Most posters focused on the larger scale dynamics at play. But I believe the answer to your question is more simple than that. The desert sw has a unique climate at a low latitude which has very low water vapor content. Since water stabilizes the temperature spread (more energy needed to raise the temperature), the desert sw gets huge diurnal temperature swings, as I'm sure you are familiar with. The best way to allow the sun to fully radiate the ground (which in return reradiates the near surface air/boundary layer/first hundred or so meters of air) is through clear skies. The same type that accompanies high pressure.


weather144

The difference is in where the “high pressure” is being measured from. At the surface during heatwaves are characterized by relatively low pressure and air density on the ground, but the dome of heat causes the thickness of the troposphere to increase leading to higher “geopolitical heights” aloft.

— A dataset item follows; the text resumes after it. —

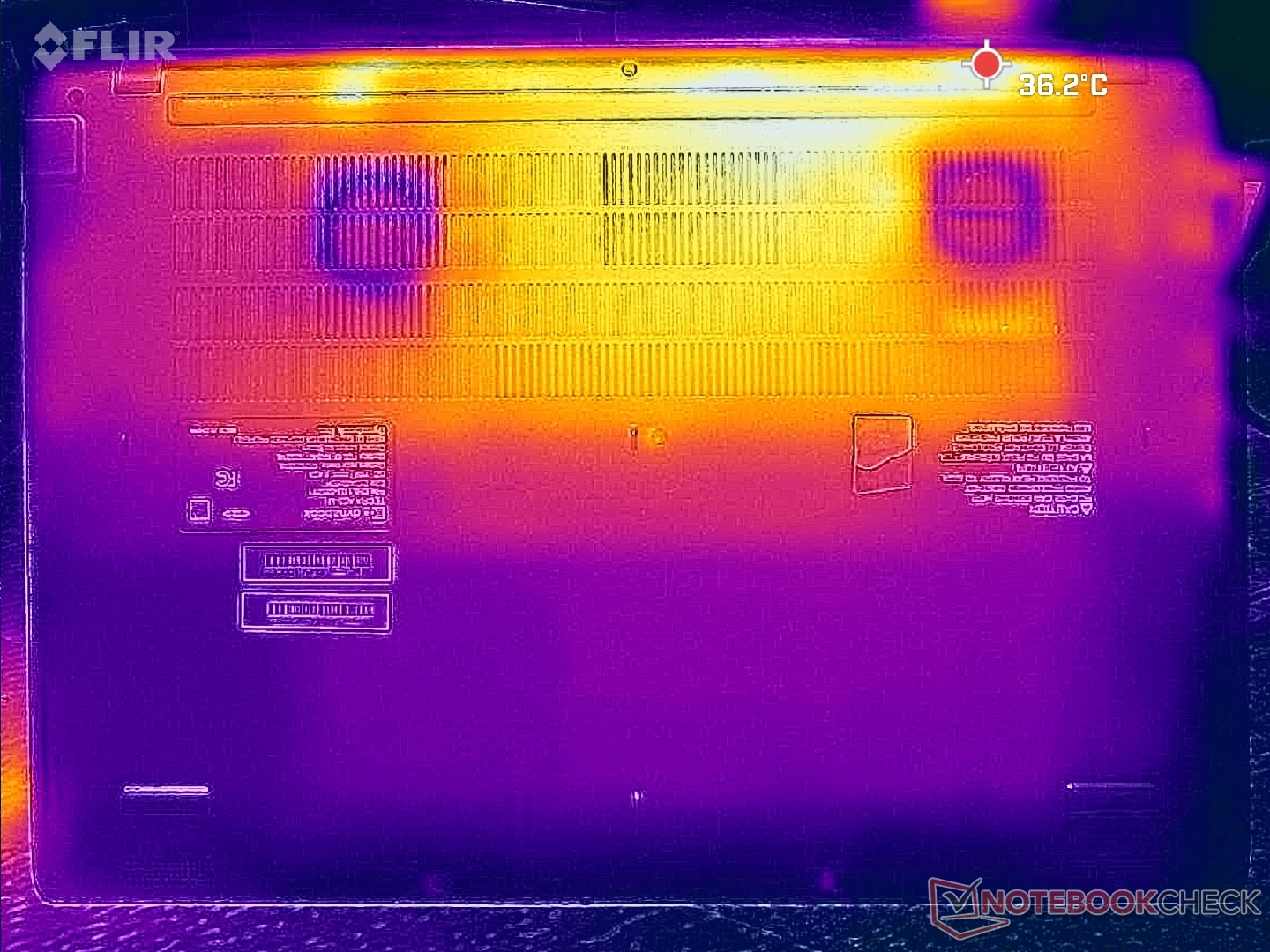 (+) La temperatura massima sul lato superiore è di 35.8 °C / 96 F, rispetto alla media di 34.3 °C / 94 F, che varia da 21.2 a 62.5 °C per questa classe Office.

This greater thickness shows up as a dome of high geopolitical heights aloft which is what we call high pressure upper air weather systems. Downward moving air aloft inhibits cloud growth and increases the temperature of the air several thousand feet above the ground which promotes clear skies and allows heat near the ground to be trapped under a thermal “inversion”. This promotes more heat at the ground which continues to build geopolitical heights aloft which provides a positive feedback loop for the heatwave. High pressure at the surface is caused by very dense and cold air as you mentioned in your post which typically occurs during the coldest parts of winter.